To view the original video data which was compressed, the compressed data must be decoded using an MPEG decoder 200, for example, as shown in FIG. 2. When the video is to be played back, the MPEG bit stream which was previously encoded by the encoder 100 is fed to an MPEG stream demultiplexer 212 which separates the compressed audio and video streams. An entropy block 208 restores the data, and an inverse quantizer 204 produces DCT data. An inverse DCT (IDCT) block 202 transforms the data from the frequency domain into the spatial domain as pixels. A motion detection/motion compensation block 206 takes the instructions from the compressed stream and replaces those instructions with pixel data for each image, which is sent to the IDCT 202. The compressed audio stream is similarly decoded in an audio decoder to produce an audio stream.

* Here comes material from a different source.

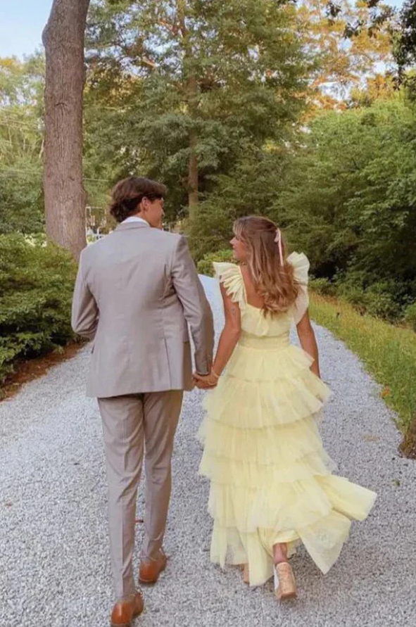 A Line Yellow Multi Layered Tulle Prom Dresses

The multimedia data files that are discussed above are stored and organized on a non-volatile memory using a file system which is then used by a host device to retrieve the file from the memory device. The file system is a method of keeping track of where files are located and also provides directories and/or folders to provide a hierarchical arrangement of the files. The file system also retains metadata about the files being stored.

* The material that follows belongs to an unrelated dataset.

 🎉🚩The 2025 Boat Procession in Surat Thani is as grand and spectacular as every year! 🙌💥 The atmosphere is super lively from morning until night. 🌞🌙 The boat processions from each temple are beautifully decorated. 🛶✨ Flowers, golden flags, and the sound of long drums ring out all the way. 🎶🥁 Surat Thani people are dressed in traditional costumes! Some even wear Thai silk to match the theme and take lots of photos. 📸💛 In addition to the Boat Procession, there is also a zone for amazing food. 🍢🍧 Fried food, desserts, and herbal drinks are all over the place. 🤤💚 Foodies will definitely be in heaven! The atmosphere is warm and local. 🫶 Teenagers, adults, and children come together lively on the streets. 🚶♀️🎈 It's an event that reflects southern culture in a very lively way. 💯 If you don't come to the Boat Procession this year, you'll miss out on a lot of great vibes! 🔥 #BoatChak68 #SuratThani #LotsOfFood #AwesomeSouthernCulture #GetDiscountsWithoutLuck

The file system typically divides the memory into portions which may, for example, be referred to as sectors. A sector may be any number of bytes in size. However, a common size is 512 bytes. Groups of contiguous sectors may be managed as blocks or clusters which makes it easier and faster to manage the files. The determination of how big a block or cluster to manage is based on balancing time and space. Larger blocks or clusters result in wasted space, especially if small files (1−2 KB) are being stored. Multimedia files are large (1 MB or more) and therefore there is little wasted space even if 32 KB blocks (64*512 Byte sectors) are used. As stated above, the file system keeps track of where files are located in the memory. The location of files is indicated by the starting address of blocks. Once a host device selects a file, the file system maps the request to a specific location in the memory. Thus, the file system obviates the requirement that a user or host device know where physically in the memory the requested file is saved.

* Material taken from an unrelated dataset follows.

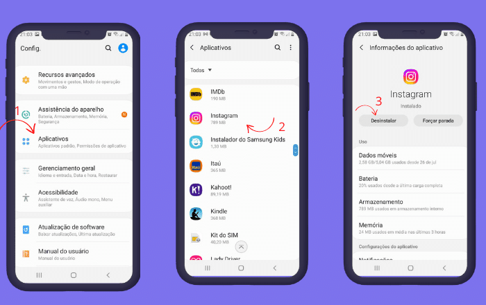 Para que possa realizar a desinstalação do aplicativo, basta ir até os seus aplicativos instalados e selecionar o Instagram. Depois disso, será possível escolher a desinstalar a rede social, e retirá-la do seu celular.

Flash memories typically use Windows FAT16 and FAT32 file systems. FIG. 3a shows that a 2 GB memory device using FAT16 file system includes a Boot Sector, File Allocation Tables FAT#1 and FAT#2, a Root Directory, and Files and Subdirectories. When a host device accesses any memory device, the host device initially reads the first block, i.e., address 0000, to determine what is stored on the memory device. For FAT16 and FAT 32 file systems, the first block contains the Boot Sector which includes information on where the other information is stored on the media. FIG. 3b illustrates the typical contents of a Boot Sector for an FAT 16 file system. Based on the information in the Boot Sector, the host device then knows where to look for the root directory and requests to read the root directory to determine what files are in the memory device. FIGS. 4a and 4b show the contents of a memory device and Boot Sector, respectively, for an FAT 32 file system. FIG. 5 is an example of meta data which is stored for each file.
FIG. 6 shows an example of a memory having two files stored using FAT 16/32 file system. The root directory shows two files stored. A pointer for each file which indicates where the files are stored is determined from the File Allocation Tables FAT#1 and FAT#2. Accordingly, when a host device requests to read one of the files, the request is directed to the address associated with the requested file.